JULY
Vacation month. Time to switch from what’s under my nose and distance myself from studio routine.
July in Missouri is not for a faint of heart, its usually the hottest, driest month of the year. My studio doesn't have its own air-conditioning and although it doesn't get very hot being adjacent to the rest of the house but still, by July I'm desperate for a break. Spring shows are done, and I intentionally leave most of summer commitment-free. This summer I did take on one mini show with Antler Gallery in Portland but I worked on the pieces on and off whole spring and they are ready to be packaged and sent.
So, vacation. An ocean lover, that's where I go to “lose myself and find my soul”. This is my first time in Jamaica and getting there is almost bigger adventure than being there. The place we heading to is on the other side of the island and roads are winding around mountains. Small houses dotting mountainside, half built or half destroyed, I can’t tell.
The sky opens up suddenly and we hit the wall of tropical downpour. We're at the bottom of the mountain driving up.
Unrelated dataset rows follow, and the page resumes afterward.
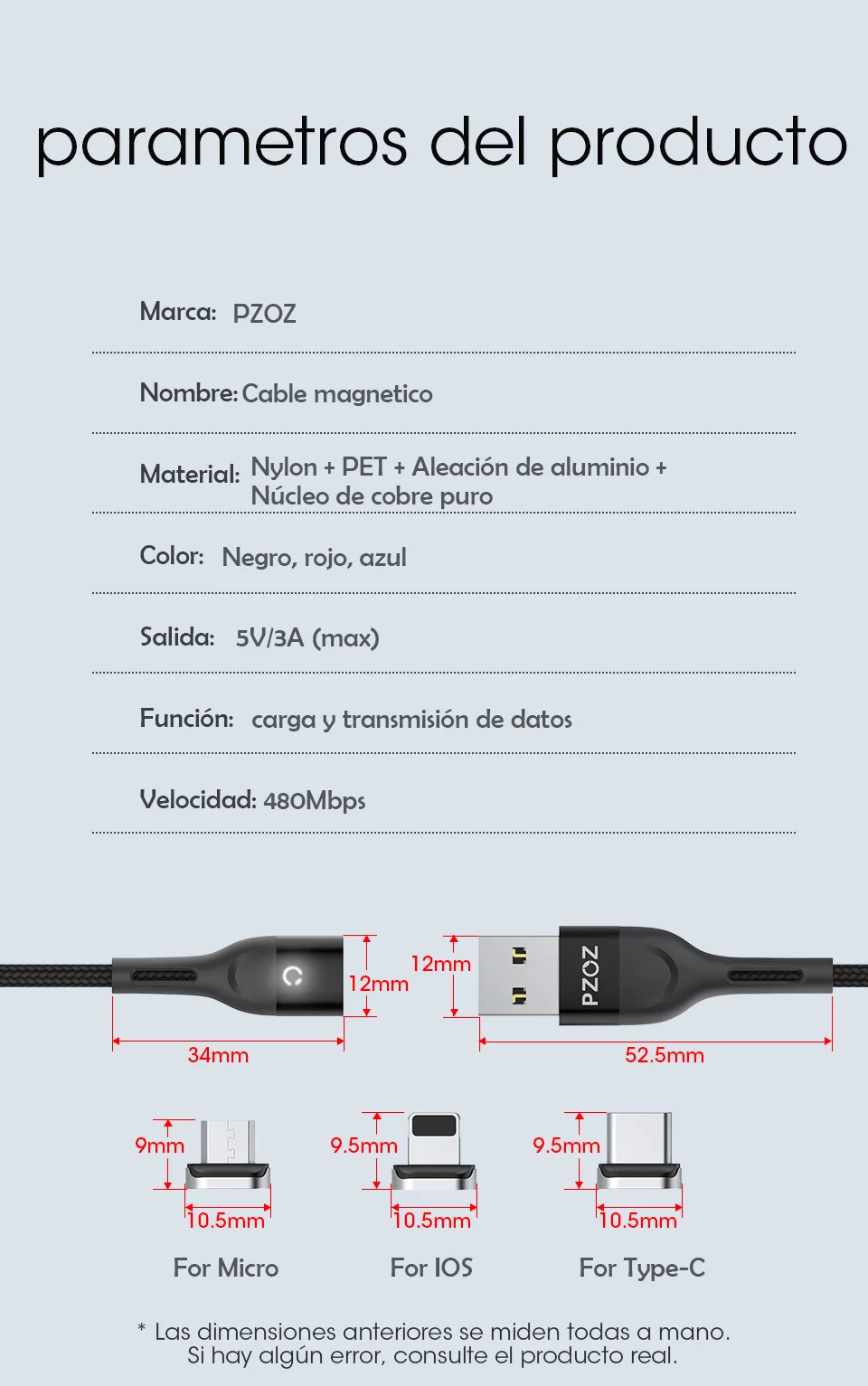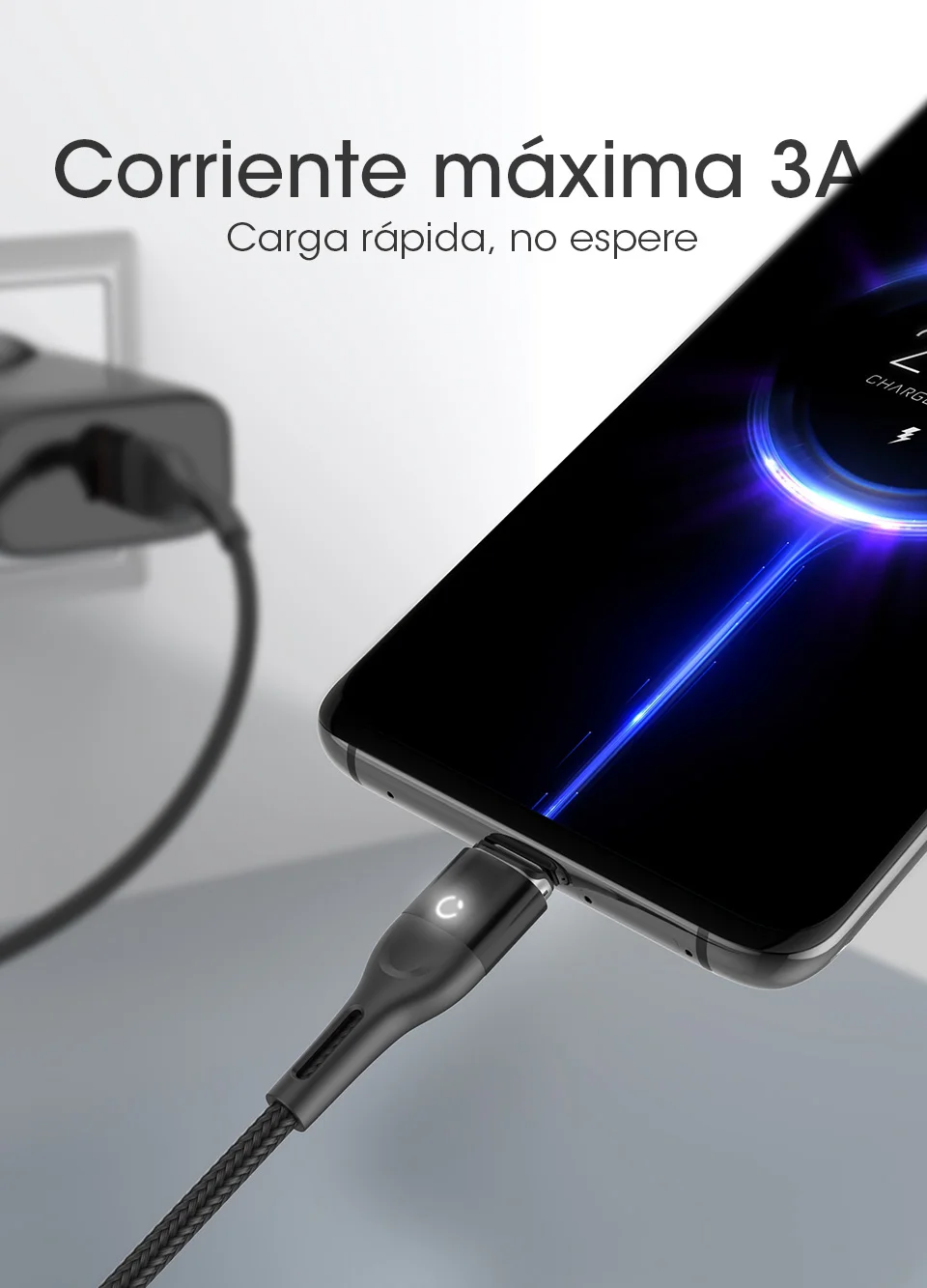 Sugerencias: ● Este enchufe de carga magnético solo admite este cable de carga. No coincide con otro cable. Gracias
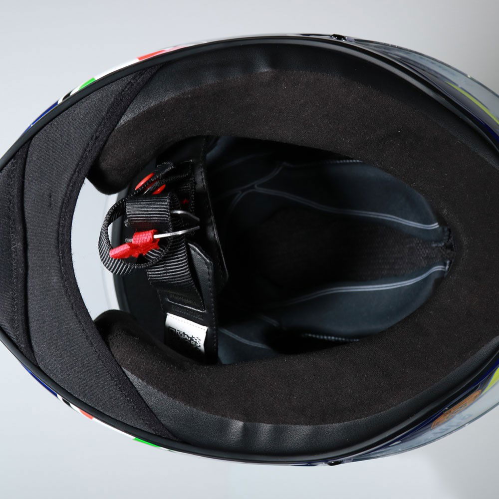 The AGV Corsa Motorcycle Helmet combines the performance of the Pista GP with road-riding features such as adjustable ventilation and improved comfort without sacrificing the performance standards of the GP model. Built in conjunction with Valentino Rossi and tested at the highest levels. The Corsa is not a full carbon fibre shell, but the shell shape, aerodynamics, ventilation and eye-port improvements will be shared cross-platform with the Pista GP Helmet. The key improvements of the Corsa compared to the GP Tech are weight savings, 193% more ventilation surface area, 71% smaller visor movement area, 48% less HIC index standard (Head Injury Criterion), 44% less lift, 36% less g-force transmitted to the head (compared to the ECE regulation) shell: SSL (Super Super Light) in composite fibre, aramid and Carbon Fibre, four shell sizes, Ventilation System: IVS (Integrated Ventilation System) with wide ducts hollowed into the shell, breathable Lycra micro-porous lining and Dry-comfort fabric with sanitising treatment, fully removable and washable inner liners of CoolMax fabric, Faceshield: RACE 2 flat, non-scratch shield with a wide field of vision, Pinlock ready and suitable for tear-offs (Pinlock faceshield comes as standard) Shield Mechanism: XQRS (Extra Quick Release System) in metal with roto-translation opening, Quick Release Shield: For tool-free removal and replacement of the visor in seconds and a double D retention system. Please note this does not come with the original box or bag.
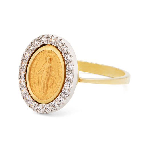 Anillo De Oro Con Medalla Milagrosa Con Detalles De Oro Blanco Y Circonitas Cúbicas
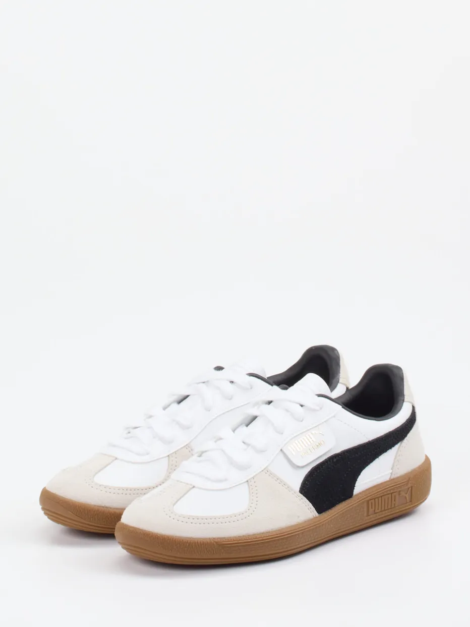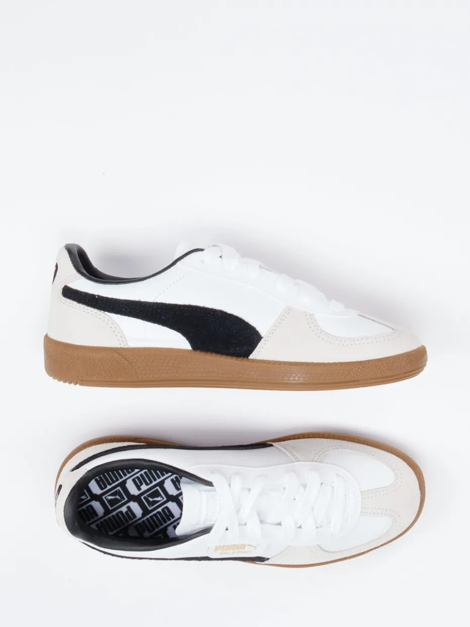 Stadionschick neu gedacht.Puma zeigt mit diesem Retro-Sneaker der Linie „Palermo“, wie stilvoll sportliche Heritage sein kann. Für urbane Looks im Alltag überzeugt das Modell mit weißem Kalbleder, samtig grauen Veloursakzenten und schwarzen Markenstreifen. Die flache, gerundete Silhouette mit Schnürung, gepolstertem Einstieg und strukturierter Gummisohle greift authentisch den Stil der 80er auf. Goldfarbene Logodetails und der Unisex-Charakter runden das Design ab. Ideal für Streetwear-Fans und Retro-Enthusiasten. Kombinationsstark zu Sportsocken und Vintage-Jacke. Mit klassischer Dämpfung und atmungsaktivem Ortholite-Fußbett bietet Puma markentypischen Komfort mit ikonischem Wiedererkennungswert.
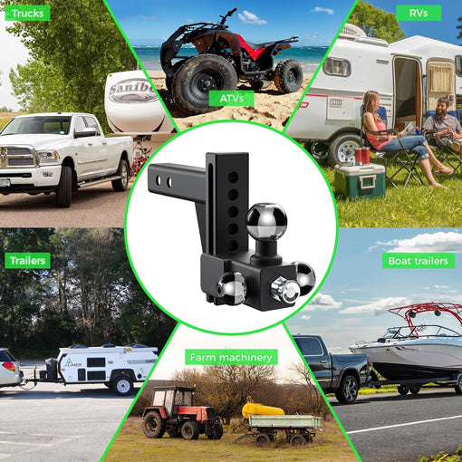 A: What makes the Adjustable Drop Hitch with Tri-Ball superior to other brands is its combination of precision engineering, all-stainless-steel tri-ball design, and tool-free adjustability. Unlike standard hitches that require wrenches or rust after a few uses, it features a spring-loaded pull-pin system for instant height changes, dual-layer anti-corrosion protection, and a tested 18,500 lbs load capacity. This ensures unmatched strength, durability, and convenience making it a smarter, longer-lasting solution for any towing setup.
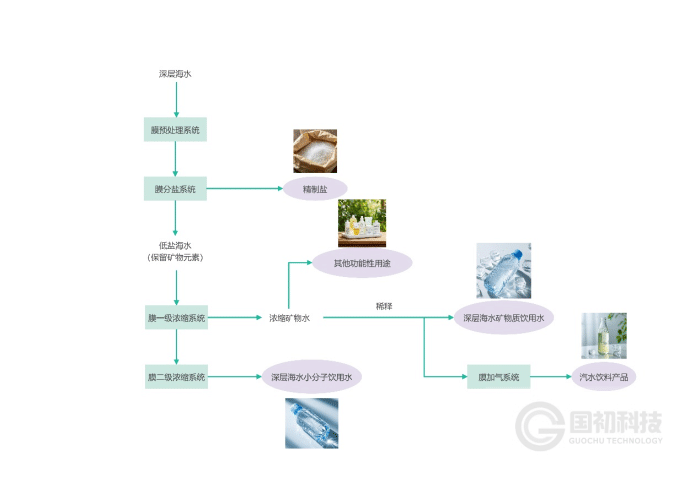 为了更好满足深层海水的多元化利用。国初科技(厦门)有限公司利用新型膜分离技术,助力深层海水资源化利用及产品开发。其工艺流程如下:
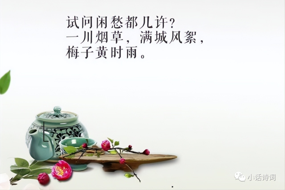 碧云冉冉蘅皋暮,彩笔新题断肠句。试问闲愁都几许?一川烟草,满城风絮,梅子黄时雨。
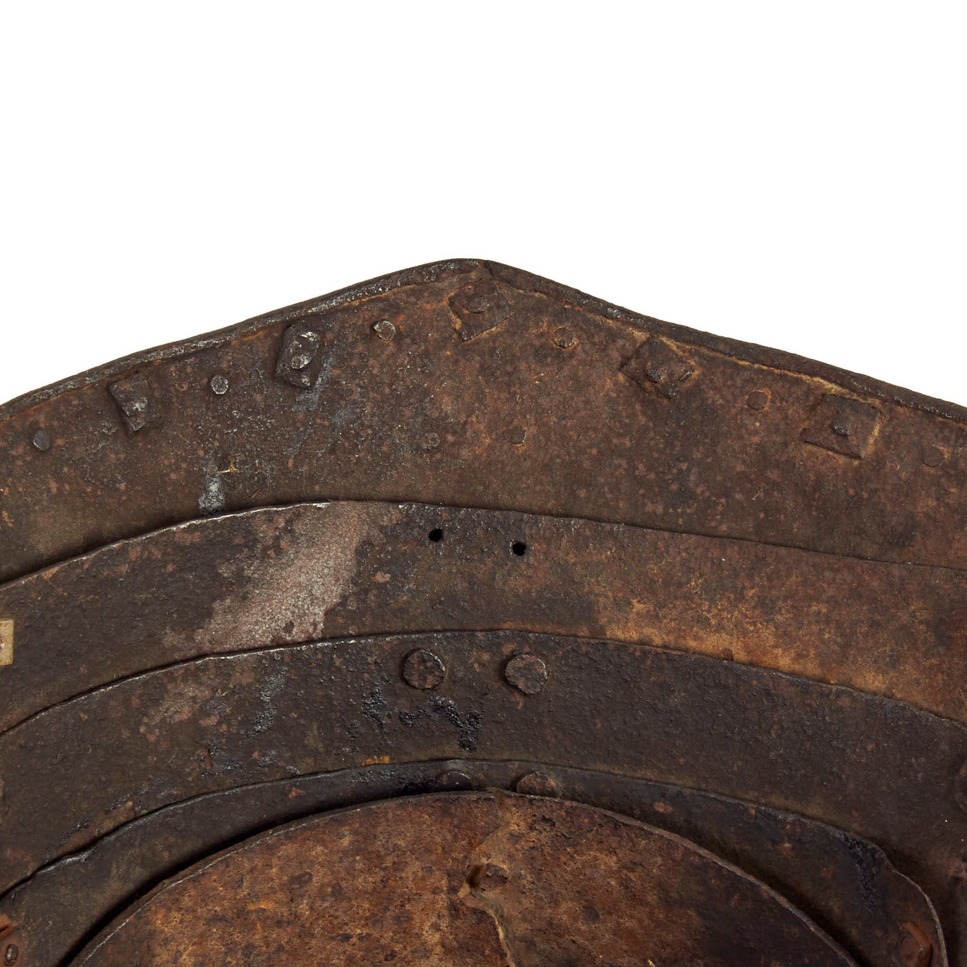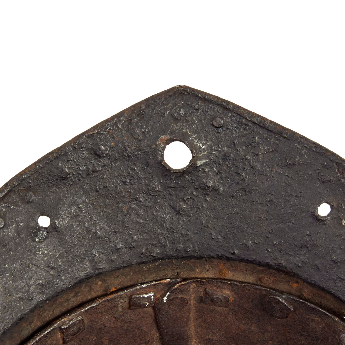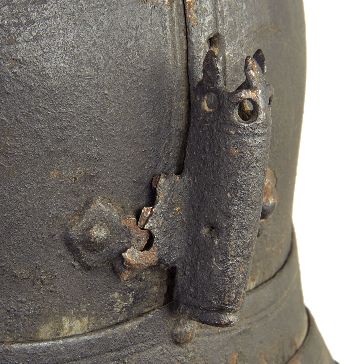 The helmet is a forged iron Lobster Tail helmet with articulated neck guard, ventilated suspended ear covers and frontal peak to which is attached the classic English THREE BAR rigid face guard, similar style helmets equipped with a single sliding Nose Guard are of Continental origin during this same period and later. The earpieces are unfortunately missing as is the face guard, but the 3 punched holes for the Three Bar are present. The condition is great given the age of the helmet. There are areas of material loss as well as minor degradation and oxidation.
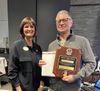 Distrikt-Governorin Dr. Bettina Wolf (links) überreichte dem Hochheimer Sascha Koenig (rechts) mit dem Melvin-Jones-Fellowship-Award die höchste Auszeichnung, welche die weltweite Lions-Organisation zu vergeben hat. Während die Anstecknadel eher unscheinbar wirkt, ist die zugehörige Holztafel umso imposanter.
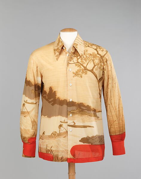 The Japanese designer Hanae Mori is well known for pairing Japanese details with Western garment forms. The unusual landscape patterning on this shirt shows thoughtful design placement. Bergdorf Goodman, the retailer, is a supplier of high-end goods.
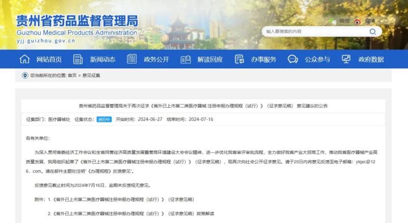 6月27日,貴州省藥監局發布《關於再次征求〈《省外已上市第二類醫療器械 注冊申報辦理規程(試行)〉(征求意見稿) 意見建議的公告》,其中提到,該局組織起草了《省外已上市第二類醫療器械注冊申報辦理規程(試行)》(征求意見稿)(以下簡稱《辦理規程》),現再次向社會公開征求意見。
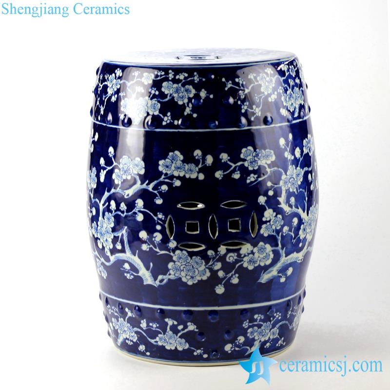 Blue and white high quality hand paint winter sweet pattern ceramic Asian barrel stool
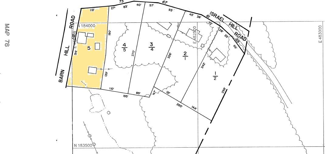 The 1 acre property, Account number – 07800500 and Map-Block-Lot number - 078 005 00, is a corner plot located towards the east of Barn Hill Road and the south of Israel Hill Road, bordering the town limits of Monroe and Shelton. The property is situated in a predominantly residential area with the surrounding plots separated by dense woodland. Residential plots can be seen towards the east, south and the west of the property across Barn Hill Road while dense woodland covers the area towards the southeast and the north, across Israel Hill Road. A pond can be seen towards the immediate southeast of the property.
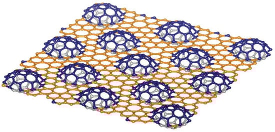 Considering that there are many types of C allotropes, some other carbon nanomaterials, such as fullerene (C60), could also be utilized as an effective component for the synthesis of novel photocatalysts because of its unique electronic properties [22]. C60 is an excellent electron acceptor that can accept six electrons owing to its relatively low-energy LUMO (lowest unoccupied molecular orbital) and high state degeneracy [139]. Therefore, coupling C60 with various semiconductors to form C60/semiconductor composite photocatalysts has been well studied. For example, Li et al. [39] synthesized a C60/Bi2TiO4F2 composite photocatalyst via a facile solvothermal method for the visible light photocatalytic degrading of organic pollutants in water. They demonstrated that C60 clusters were well dispersed on the surface of Bi2TiO4F2 to form strong heterojunctions. Therefore, the electron transfer rate and the charge carrier separation efficiency of the photocatalyst were significantly enhanced and C60 could further improve the light adsorption capability of the C60/Bi2TiO4F2 composite. As a result, the obtained composite photocatalyst exhibited remarkably enhanced activity under visible-light irradiation. On the other hand, the fullerene derivatives could also be utilized to improve the photocatalytic performance of semiconductors. For example, Echegoyen et al. [140] recently explored the application of porphyrin/phthalocyanine fullerene complexes in a photocatalytic system with TiO2. In their study, the bis(4-pyridyl)pyrrolidinofullerene was used as a dual ligand for a supramolecular approach to attach porphyrins and phthalocyanines on the surface of TiO2 to make it sensitized. The synthesis of the composite was based on a simple sol-gel method. As expected, the obtained composite exhibited intriguing photocatalytic activity under the irradiation of solar light, which was attributed to the enhancement of electron transfer to the CB of the corresponding semiconductor. More recently, Liu et al. [141] demonstrated a facile strategy to fabricate a novel 2D carbon material that combined the structures of fullerene and graphene by embedding bubble carbon structures in the graphene lattice (Figure 9). They claimed that by regulating the percentage of sp3 carbon and the strains caused by the curvatures of the bubbles, a tunable electronic structure ranging from metallic to semiconducting with sizable gaps can be created in the material. Therefore, this method is a promising tool to create novel carbon-based photocatalysts.
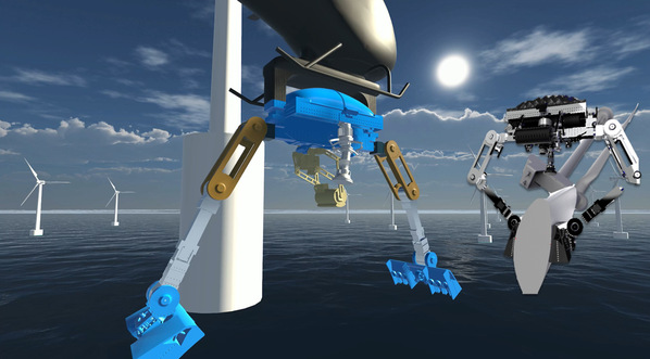 ·为解决海上强风环境下风电叶片裂纹修复难题,项目团队设计了可折叠式机器人平台。利用风能实现吸附增强,通过流线型的底盘结构将海风转化为贴附力,采用力控柔顺Delta打磨臂与多腔快速换料机构,突破传统人工局限,实现裂纹的高一致性打磨与复合修复。该设计具备全流程自动化、环境适应性强、维护效率高等优势。
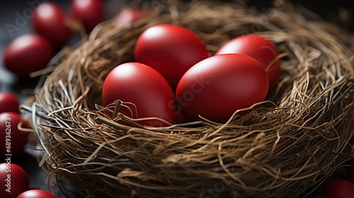Fototapeta premium Red Decorative Hearts Nest Bright Spring, Background Image, Desktop Wallpaper...
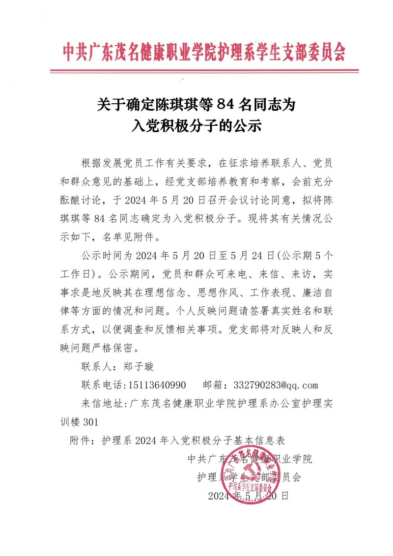 关于确定陈琪琪等 84 名同志为入党积极分子的公示
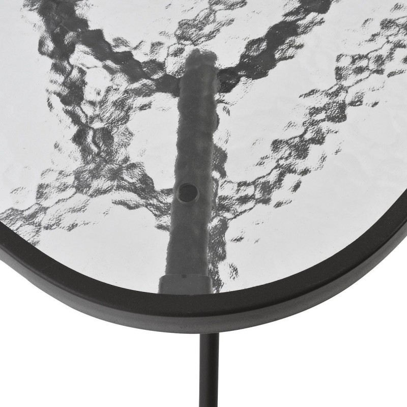 Ένα τραπέζι μεταλλικό εξωτερικού χώρου σε χρώμα γκρι ανθρακί, με ενσωματωμένο τζάμι ασφαλείας (secure).
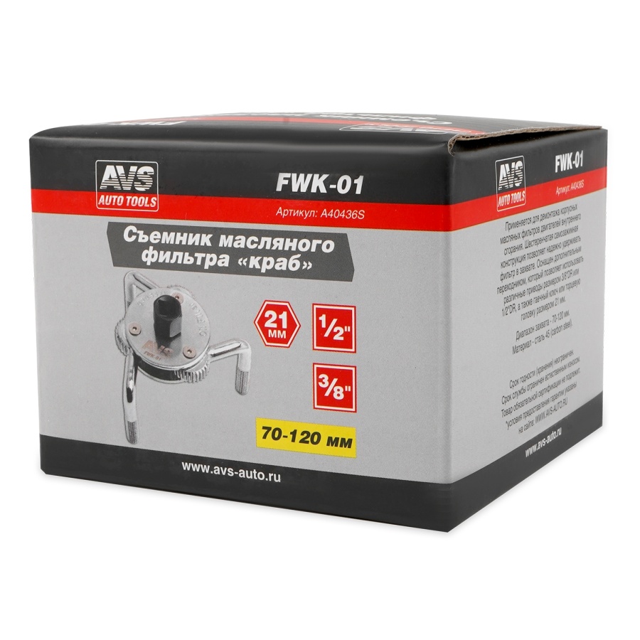 Съемник масляного фильтра «краб» 70-120 мм AVS FWK-01
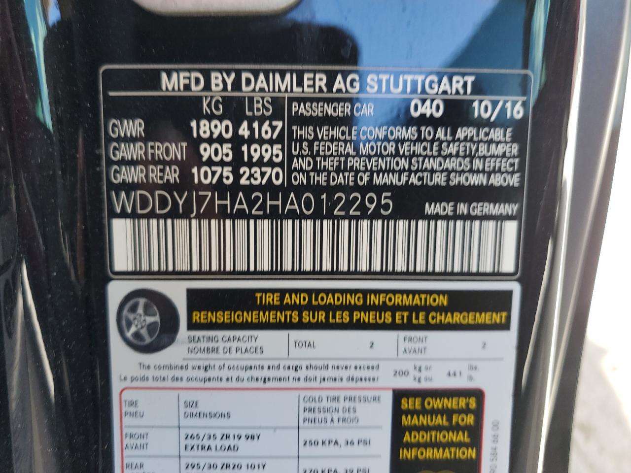 GoodThis 2017 MERCEDES-BENZ AMG GT, black in color, exhibits minor dent/scratches, categorized as Body damage. The Run & Drive Verified vehicle presents with a good overall exterior and interior condition. The car itself is a sporty coupe, celebrated for its powerful engine and luxurious interior. The wheels and lights show no visible damage, and the glass is intact. The vehicle is drivable.
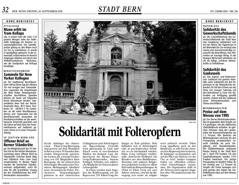 据声称,自从镇压以来已有278位法轮功成员被迫害致死。更多的被关押在劳动教养所或者在精神病医院,在那遭受着非人的待遇。法轮功结合了中国传统的中医,佛教,道教和其他宗教。最主要的是练习5套身体锻炼功法。两年来法轮功在中国被禁止,虽然这个运动既没有宗教色彩也不参与政治。法轮功呼吁联邦政府对中国政府进行干预。10位法轮功追随者聚集在日内瓦的联合国广场前。另外的小组集会在其它的中国办事处前。据法轮功瑞士协会声称,在瑞士将近有500位练习者。

The water is at the top, rushing down. Both sides of the road - and sometimes the middle - are now rivers with occasional goat wading through trying to get to higher ground. Chickens that were everywhere before, expertly avoiding car wheels, now all disappeared. I hope they found their way home and not been washed off all the way to the bottom into a screaming mess of wet feathers, beaks, and feet. I brush the vision away. We're here. We give our driver generous tip. Gasoline is eight dollars per gallon in Jamaica.
This is my kind of place, with birds everywhere. They steal food from our plates, they aware of my weakness. I watch small egret as he chokes on too big piece of fish, he bobs his head trying to get food to go down. Finally he sticks his beak into my water glass and gets long drink. I give him an eye roll. This is paradise.
I don’t think we notice beauty in real time, we can only appreciate it in retrospect. We can’t get through the day fast enough, so we can mourn it tomorrow. And the memory of it also changes, like an ocean receding. This is a blessing and a curse. I'm slowly learning how to mourn every passing moment as it is happening. I got a lot to learn. I wrapped ocean around my finger three times. I will not forget.